• Records for this exercise
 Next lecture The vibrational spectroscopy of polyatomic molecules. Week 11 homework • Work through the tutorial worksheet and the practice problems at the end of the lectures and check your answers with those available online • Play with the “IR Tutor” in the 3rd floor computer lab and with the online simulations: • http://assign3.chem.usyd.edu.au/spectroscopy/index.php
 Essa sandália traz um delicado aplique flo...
---
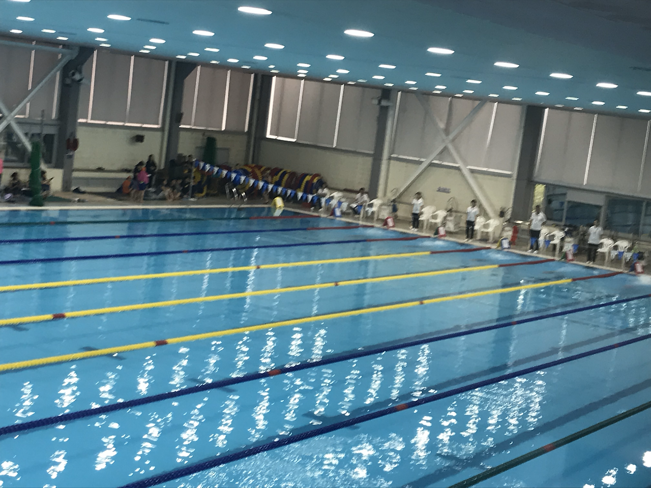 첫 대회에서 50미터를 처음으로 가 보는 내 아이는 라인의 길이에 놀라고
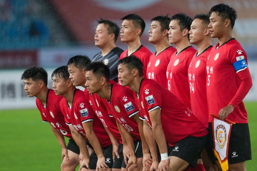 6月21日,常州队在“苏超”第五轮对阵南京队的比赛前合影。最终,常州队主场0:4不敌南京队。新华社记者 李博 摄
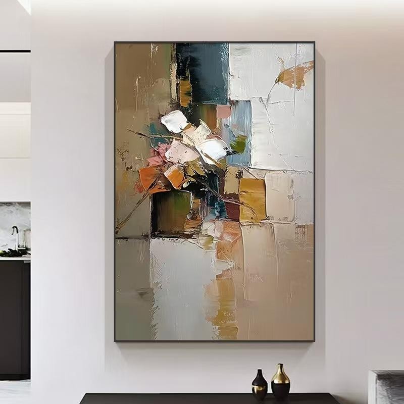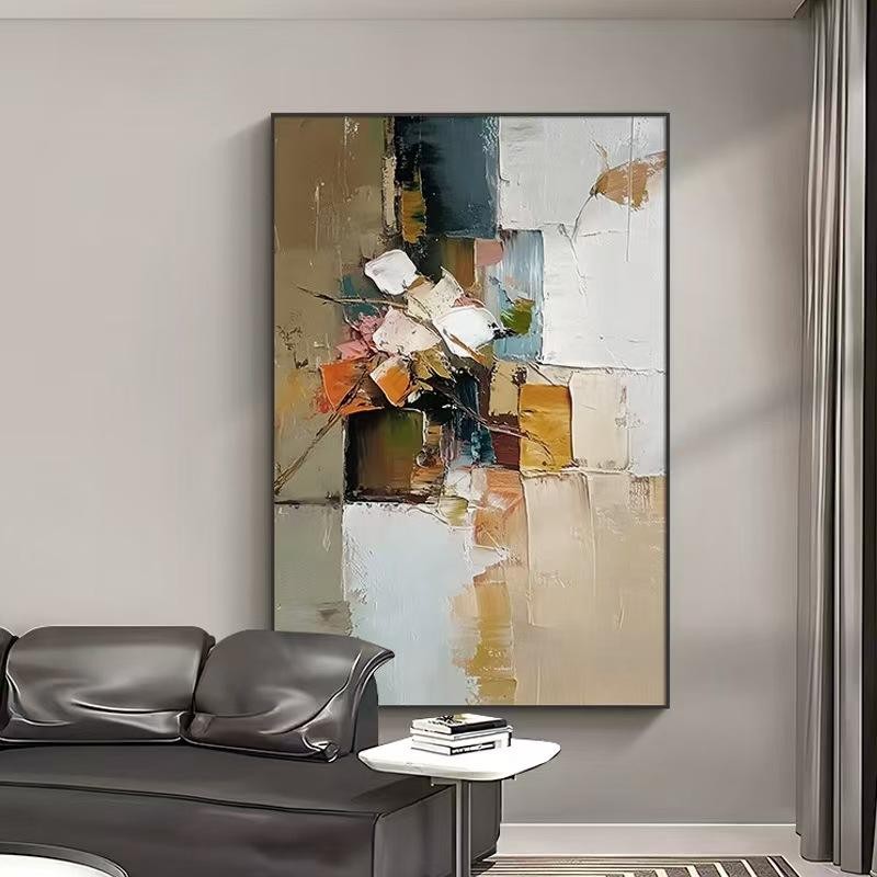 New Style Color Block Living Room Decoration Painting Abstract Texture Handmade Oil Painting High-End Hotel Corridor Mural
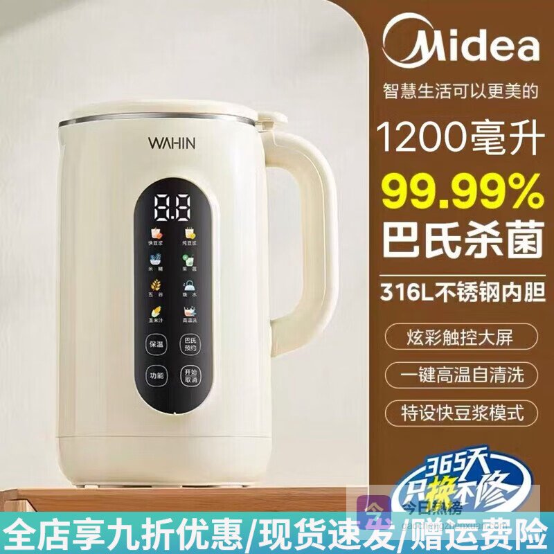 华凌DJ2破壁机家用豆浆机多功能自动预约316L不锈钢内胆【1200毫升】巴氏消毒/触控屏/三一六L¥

• Work item
Could you repeat, exactly, only the lines above starting at the one that has "첫 대회에서 50미터를 처음으로 가 보는 내 아이는 라인의 길이에 놀라고" and stopping after the one that has "华凌DJ2破壁机家用豆浆机多", without the pictures?

• Answer to the exercise
 첫 대회에서 50미터를 처음으로 가 보는 내 아이는 라인의 길이에 놀라고
 6月21日,常州队在“苏超”第五轮对阵南京队的比赛前合影。最终,常州队主场0:4不敌南京队。新华社记者 李博 摄
 New Style Color Block Living Room Decoration Painting Abstract Texture Handmade Oil Painting High-End Hotel Corridor Mural
 华凌DJ2破壁机家用豆浆机多功能自动预约316L不锈钢内胆【1200毫升】巴氏消毒/触控屏/三一六L¥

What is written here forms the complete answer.